[Available data — start]

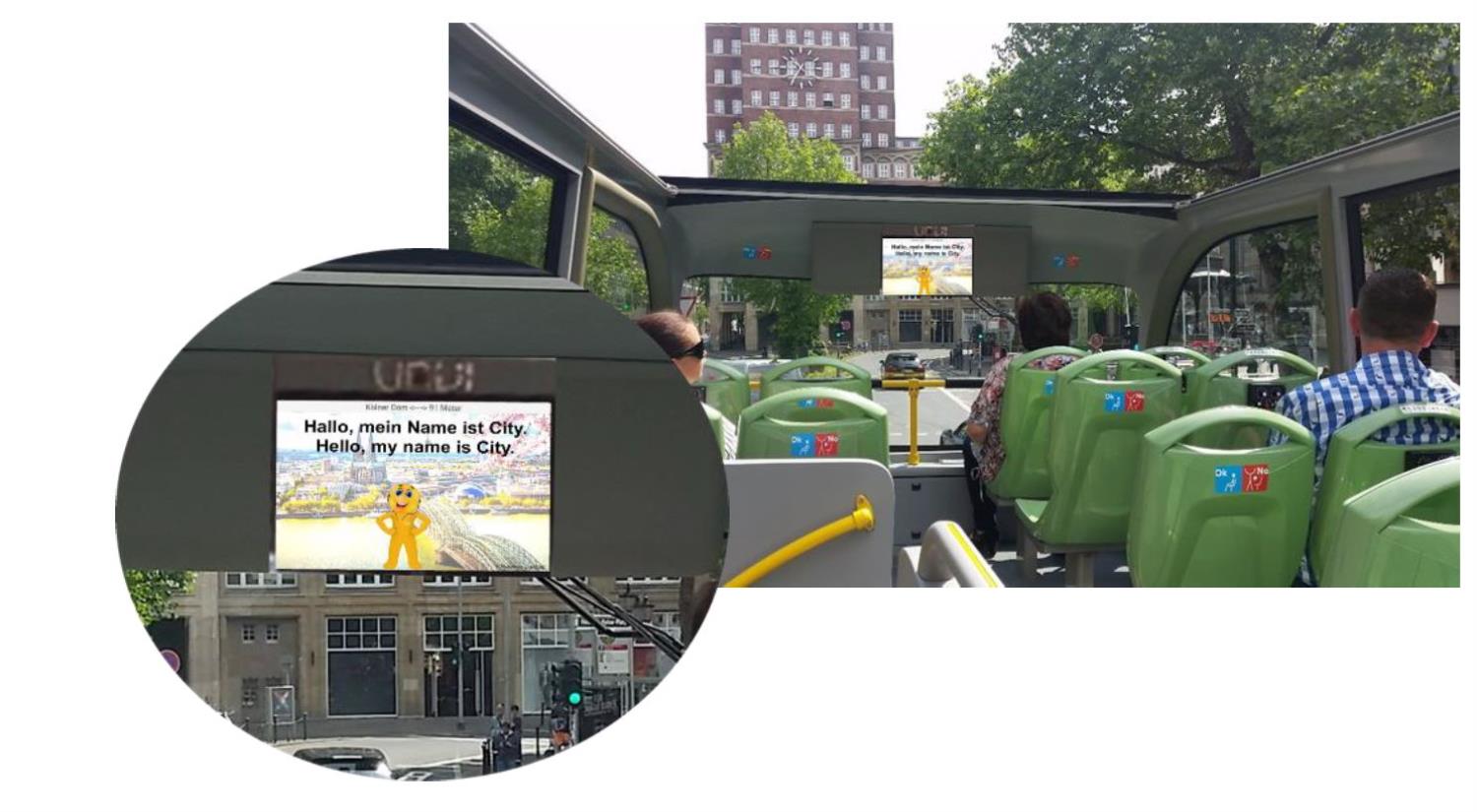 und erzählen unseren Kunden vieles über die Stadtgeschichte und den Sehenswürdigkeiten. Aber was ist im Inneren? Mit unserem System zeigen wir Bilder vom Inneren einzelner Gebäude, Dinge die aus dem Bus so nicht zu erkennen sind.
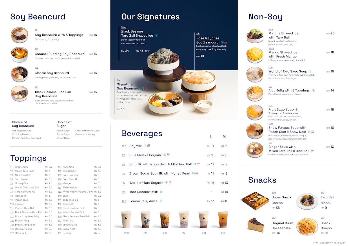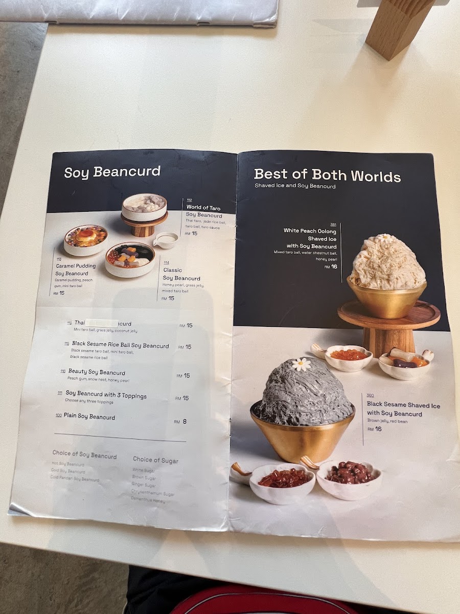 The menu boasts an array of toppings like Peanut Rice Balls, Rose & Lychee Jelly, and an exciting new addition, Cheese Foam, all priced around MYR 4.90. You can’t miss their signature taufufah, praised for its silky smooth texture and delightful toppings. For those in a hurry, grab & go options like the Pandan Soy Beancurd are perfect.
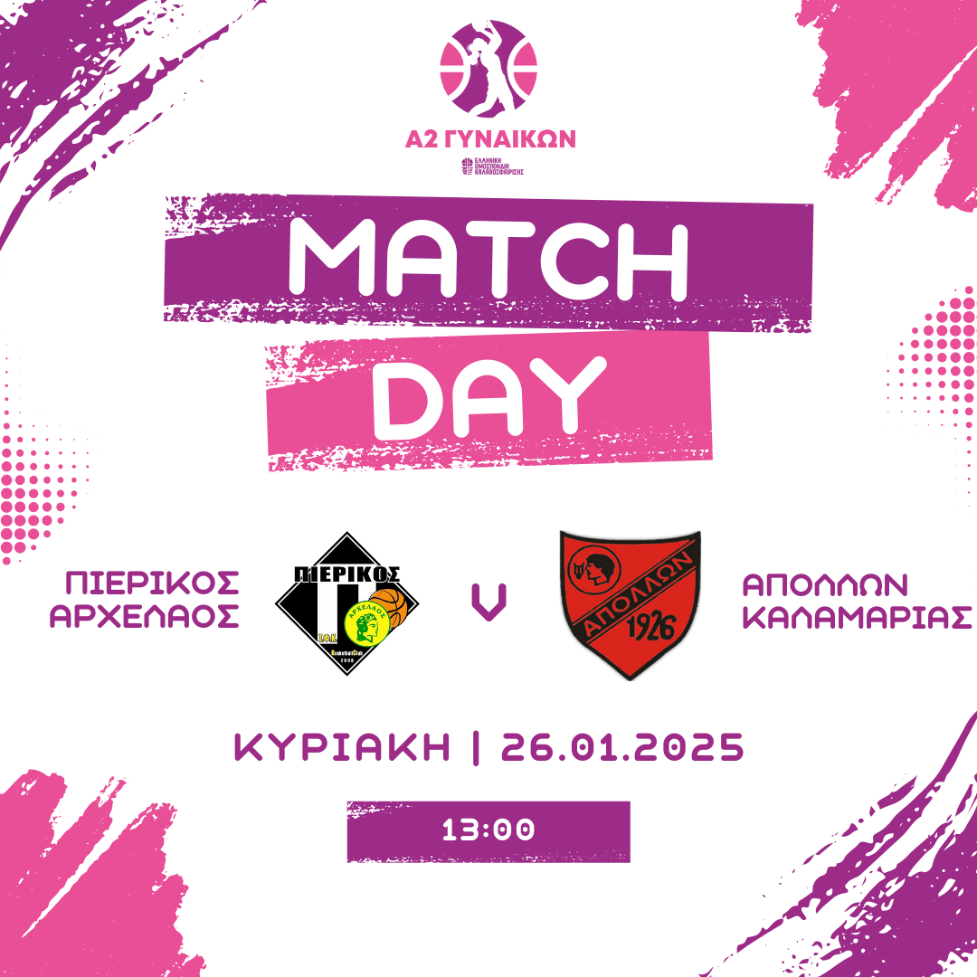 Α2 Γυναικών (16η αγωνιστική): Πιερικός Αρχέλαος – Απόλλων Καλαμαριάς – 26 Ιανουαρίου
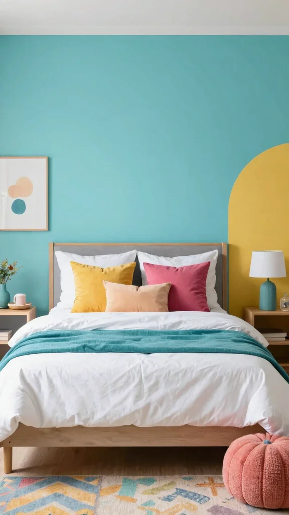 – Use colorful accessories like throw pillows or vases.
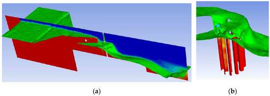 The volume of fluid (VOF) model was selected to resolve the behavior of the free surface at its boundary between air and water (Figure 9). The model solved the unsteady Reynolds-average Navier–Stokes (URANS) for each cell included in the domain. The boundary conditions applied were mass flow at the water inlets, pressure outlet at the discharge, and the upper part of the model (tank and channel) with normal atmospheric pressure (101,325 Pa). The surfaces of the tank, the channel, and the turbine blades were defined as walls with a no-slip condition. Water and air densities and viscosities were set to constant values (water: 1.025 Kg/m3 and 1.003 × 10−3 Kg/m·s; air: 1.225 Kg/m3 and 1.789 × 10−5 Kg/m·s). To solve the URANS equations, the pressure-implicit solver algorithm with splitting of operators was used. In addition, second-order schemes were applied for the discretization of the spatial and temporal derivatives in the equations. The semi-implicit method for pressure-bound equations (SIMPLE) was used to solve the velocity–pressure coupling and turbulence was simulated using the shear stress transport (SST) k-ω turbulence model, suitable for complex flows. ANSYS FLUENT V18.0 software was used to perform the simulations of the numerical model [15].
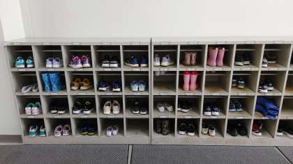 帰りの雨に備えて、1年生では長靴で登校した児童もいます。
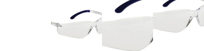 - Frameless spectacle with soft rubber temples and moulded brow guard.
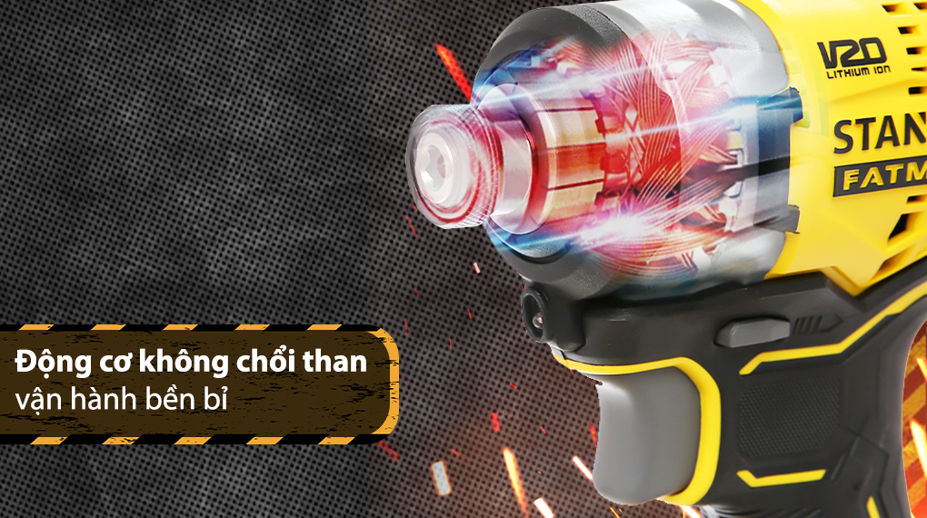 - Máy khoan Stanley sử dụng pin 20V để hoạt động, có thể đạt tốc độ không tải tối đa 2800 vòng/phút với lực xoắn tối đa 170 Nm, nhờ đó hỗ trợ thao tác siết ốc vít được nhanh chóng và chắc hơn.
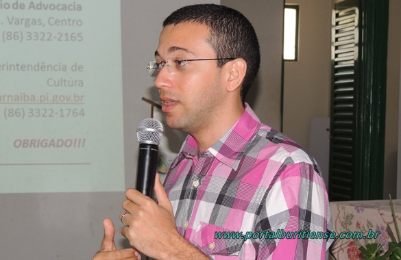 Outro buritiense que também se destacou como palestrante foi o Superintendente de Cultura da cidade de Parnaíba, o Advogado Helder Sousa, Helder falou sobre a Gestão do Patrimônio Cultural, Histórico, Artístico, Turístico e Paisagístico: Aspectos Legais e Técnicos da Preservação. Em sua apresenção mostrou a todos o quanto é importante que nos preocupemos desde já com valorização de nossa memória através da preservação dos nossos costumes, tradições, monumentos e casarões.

[Available data — finish]

Only the lines from the first line of the entries through the line containing "pillows or vases." should be output, exactly as they are, without pictures.

 und erzählen unseren Kunden vieles über die Stadtgeschichte und den Sehenswürdigkeiten. Aber was ist im Inneren? Mit unserem System zeigen wir Bilder vom Inneren einzelner Gebäude, Dinge die aus dem Bus so nicht zu erkennen sind.
 The menu boasts an array of toppings like Peanut Rice Balls, Rose & Lychee Jelly, and an exciting new addition, Cheese Foam, all priced around MYR 4.90. You can’t miss their signature taufufah, praised for its silky smooth texture and delightful toppings. For those in a hurry, grab & go options like the Pandan Soy Beancurd are perfect.
 Α2 Γυναικών (16η αγωνιστική): Πιερικός Αρχέλαος – Απόλλων Καλαμαριάς – 26 Ιανουαρίου
 – Use colorful accessories like throw pillows or vases.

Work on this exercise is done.